Source data -
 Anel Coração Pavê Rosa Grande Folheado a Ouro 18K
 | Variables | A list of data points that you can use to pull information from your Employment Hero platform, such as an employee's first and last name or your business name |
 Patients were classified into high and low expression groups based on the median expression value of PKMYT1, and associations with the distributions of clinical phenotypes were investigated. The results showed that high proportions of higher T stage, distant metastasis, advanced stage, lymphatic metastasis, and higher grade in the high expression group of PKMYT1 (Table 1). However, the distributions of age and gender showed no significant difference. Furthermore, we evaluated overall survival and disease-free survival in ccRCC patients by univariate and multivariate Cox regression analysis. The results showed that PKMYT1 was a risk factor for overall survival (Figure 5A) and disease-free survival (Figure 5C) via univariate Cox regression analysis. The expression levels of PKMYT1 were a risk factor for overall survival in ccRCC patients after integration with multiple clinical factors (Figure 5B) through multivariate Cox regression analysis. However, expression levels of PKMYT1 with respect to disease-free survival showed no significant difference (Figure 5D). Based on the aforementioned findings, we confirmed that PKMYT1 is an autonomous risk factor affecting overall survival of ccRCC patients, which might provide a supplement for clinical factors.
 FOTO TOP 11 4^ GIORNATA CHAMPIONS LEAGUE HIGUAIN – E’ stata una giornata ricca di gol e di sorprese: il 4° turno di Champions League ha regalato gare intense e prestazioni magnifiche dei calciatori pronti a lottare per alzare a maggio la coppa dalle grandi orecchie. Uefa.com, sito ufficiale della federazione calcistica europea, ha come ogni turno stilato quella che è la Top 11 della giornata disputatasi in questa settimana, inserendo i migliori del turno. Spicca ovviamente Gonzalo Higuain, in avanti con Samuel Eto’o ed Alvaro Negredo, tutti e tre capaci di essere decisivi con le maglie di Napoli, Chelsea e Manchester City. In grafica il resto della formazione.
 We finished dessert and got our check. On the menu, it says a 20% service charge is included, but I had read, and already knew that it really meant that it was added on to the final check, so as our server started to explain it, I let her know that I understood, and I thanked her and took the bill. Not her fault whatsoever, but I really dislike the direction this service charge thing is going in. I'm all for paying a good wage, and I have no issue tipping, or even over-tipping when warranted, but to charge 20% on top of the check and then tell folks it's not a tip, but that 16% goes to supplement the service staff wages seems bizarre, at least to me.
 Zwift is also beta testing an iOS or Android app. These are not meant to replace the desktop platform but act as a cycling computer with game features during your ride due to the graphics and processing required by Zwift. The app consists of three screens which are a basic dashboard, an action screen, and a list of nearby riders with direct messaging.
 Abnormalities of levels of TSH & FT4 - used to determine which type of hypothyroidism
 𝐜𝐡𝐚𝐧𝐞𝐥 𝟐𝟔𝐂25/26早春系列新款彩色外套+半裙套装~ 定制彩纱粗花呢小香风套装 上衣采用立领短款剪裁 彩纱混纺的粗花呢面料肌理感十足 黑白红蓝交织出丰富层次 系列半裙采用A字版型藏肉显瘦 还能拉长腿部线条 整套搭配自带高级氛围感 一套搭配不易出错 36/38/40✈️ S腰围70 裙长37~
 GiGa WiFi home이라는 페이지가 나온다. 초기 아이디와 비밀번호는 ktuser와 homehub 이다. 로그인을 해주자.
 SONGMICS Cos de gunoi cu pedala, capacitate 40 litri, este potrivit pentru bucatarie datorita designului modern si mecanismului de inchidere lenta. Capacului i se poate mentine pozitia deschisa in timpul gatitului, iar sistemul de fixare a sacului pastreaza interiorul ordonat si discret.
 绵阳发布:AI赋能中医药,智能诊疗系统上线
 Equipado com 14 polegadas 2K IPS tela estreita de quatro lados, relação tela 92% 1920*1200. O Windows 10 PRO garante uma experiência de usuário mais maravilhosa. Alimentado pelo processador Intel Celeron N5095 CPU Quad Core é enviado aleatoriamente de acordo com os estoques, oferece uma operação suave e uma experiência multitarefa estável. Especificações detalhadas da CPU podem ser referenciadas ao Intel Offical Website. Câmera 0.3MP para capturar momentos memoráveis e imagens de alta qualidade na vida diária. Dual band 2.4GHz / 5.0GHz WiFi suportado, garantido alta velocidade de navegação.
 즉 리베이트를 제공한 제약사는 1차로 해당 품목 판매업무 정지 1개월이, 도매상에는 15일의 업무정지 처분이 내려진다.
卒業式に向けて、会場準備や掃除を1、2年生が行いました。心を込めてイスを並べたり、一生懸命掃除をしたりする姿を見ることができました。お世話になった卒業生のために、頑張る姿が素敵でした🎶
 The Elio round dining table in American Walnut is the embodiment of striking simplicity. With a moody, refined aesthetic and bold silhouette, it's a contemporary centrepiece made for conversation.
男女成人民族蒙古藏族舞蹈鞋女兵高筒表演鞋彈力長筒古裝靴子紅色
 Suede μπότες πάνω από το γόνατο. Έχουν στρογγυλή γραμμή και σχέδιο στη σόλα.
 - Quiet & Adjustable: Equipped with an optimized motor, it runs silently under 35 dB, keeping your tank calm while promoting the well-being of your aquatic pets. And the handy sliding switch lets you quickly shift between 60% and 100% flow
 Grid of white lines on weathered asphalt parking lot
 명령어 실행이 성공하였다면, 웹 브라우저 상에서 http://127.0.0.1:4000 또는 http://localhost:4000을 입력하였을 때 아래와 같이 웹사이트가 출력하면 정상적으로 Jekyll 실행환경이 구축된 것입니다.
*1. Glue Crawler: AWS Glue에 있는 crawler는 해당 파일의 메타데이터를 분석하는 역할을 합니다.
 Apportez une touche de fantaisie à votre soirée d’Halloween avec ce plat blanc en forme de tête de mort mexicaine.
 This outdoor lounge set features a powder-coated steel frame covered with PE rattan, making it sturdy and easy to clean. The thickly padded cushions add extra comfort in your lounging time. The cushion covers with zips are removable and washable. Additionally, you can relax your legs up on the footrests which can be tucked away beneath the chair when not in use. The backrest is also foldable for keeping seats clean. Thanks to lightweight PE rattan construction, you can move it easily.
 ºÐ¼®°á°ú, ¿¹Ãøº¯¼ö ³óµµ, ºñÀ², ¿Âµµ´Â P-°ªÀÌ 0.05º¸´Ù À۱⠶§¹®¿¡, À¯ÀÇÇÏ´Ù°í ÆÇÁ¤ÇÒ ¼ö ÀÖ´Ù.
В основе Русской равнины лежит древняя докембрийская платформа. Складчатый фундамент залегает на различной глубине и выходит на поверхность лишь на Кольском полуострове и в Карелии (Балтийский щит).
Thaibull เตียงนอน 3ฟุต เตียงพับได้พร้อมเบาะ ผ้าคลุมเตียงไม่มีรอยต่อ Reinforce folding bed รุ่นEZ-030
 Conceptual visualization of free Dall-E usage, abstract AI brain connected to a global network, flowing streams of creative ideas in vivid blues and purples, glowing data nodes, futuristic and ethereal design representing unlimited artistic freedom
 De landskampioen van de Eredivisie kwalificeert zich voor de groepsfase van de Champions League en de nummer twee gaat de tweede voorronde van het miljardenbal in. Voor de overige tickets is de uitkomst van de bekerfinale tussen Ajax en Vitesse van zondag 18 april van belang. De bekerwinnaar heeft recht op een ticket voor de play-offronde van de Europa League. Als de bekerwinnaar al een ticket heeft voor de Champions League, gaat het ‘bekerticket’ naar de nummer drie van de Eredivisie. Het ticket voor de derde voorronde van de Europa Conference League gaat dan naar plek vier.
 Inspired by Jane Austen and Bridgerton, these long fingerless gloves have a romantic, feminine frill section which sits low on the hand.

What is expected - Copy out the lines above exactly, beginning at the one that contains "Zwift is also" and ending at the one that contains "즉 리베이트를 제공한".

Solved problem -
 Zwift is also beta testing an iOS or Android app. These are not meant to replace the desktop platform but act as a cycling computer with game features during your ride due to the graphics and processing required by Zwift. The app consists of three screens which are a basic dashboard, an action screen, and a list of nearby riders with direct messaging.
 Abnormalities of levels of TSH & FT4 - used to determine which type of hypothyroidism
 𝐜𝐡𝐚𝐧𝐞𝐥 𝟐𝟔𝐂25/26早春系列新款彩色外套+半裙套装~ 定制彩纱粗花呢小香风套装 上衣采用立领短款剪裁 彩纱混纺的粗花呢面料肌理感十足 黑白红蓝交织出丰富层次 系列半裙采用A字版型藏肉显瘦 还能拉长腿部线条 整套搭配自带高级氛围感 一套搭配不易出错 36/38/40✈️ S腰围70 裙长37~
 GiGa WiFi home이라는 페이지가 나온다. 초기 아이디와 비밀번호는 ktuser와 homehub 이다. 로그인을 해주자.
 SONGMICS Cos de gunoi cu pedala, capacitate 40 litri, este potrivit pentru bucatarie datorita designului modern si mecanismului de inchidere lenta. Capacului i se poate mentine pozitia deschisa in timpul gatitului, iar sistemul de fixare a sacului pastreaza interiorul ordonat si discret.
 绵阳发布:AI赋能中医药,智能诊疗系统上线
 Equipado com 14 polegadas 2K IPS tela estreita de quatro lados, relação tela 92% 1920*1200. O Windows 10 PRO garante uma experiência de usuário mais maravilhosa. Alimentado pelo processador Intel Celeron N5095 CPU Quad Core é enviado aleatoriamente de acordo com os estoques, oferece uma operação suave e uma experiência multitarefa estável. Especificações detalhadas da CPU podem ser referenciadas ao Intel Offical Website. Câmera 0.3MP para capturar momentos memoráveis e imagens de alta qualidade na vida diária. Dual band 2.4GHz / 5.0GHz WiFi suportado, garantido alta velocidade de navegação.
 즉 리베이트를 제공한 제약사는 1차로 해당 품목 판매업무 정지 1개월이, 도매상에는 15일의 업무정지 처분이 내려진다.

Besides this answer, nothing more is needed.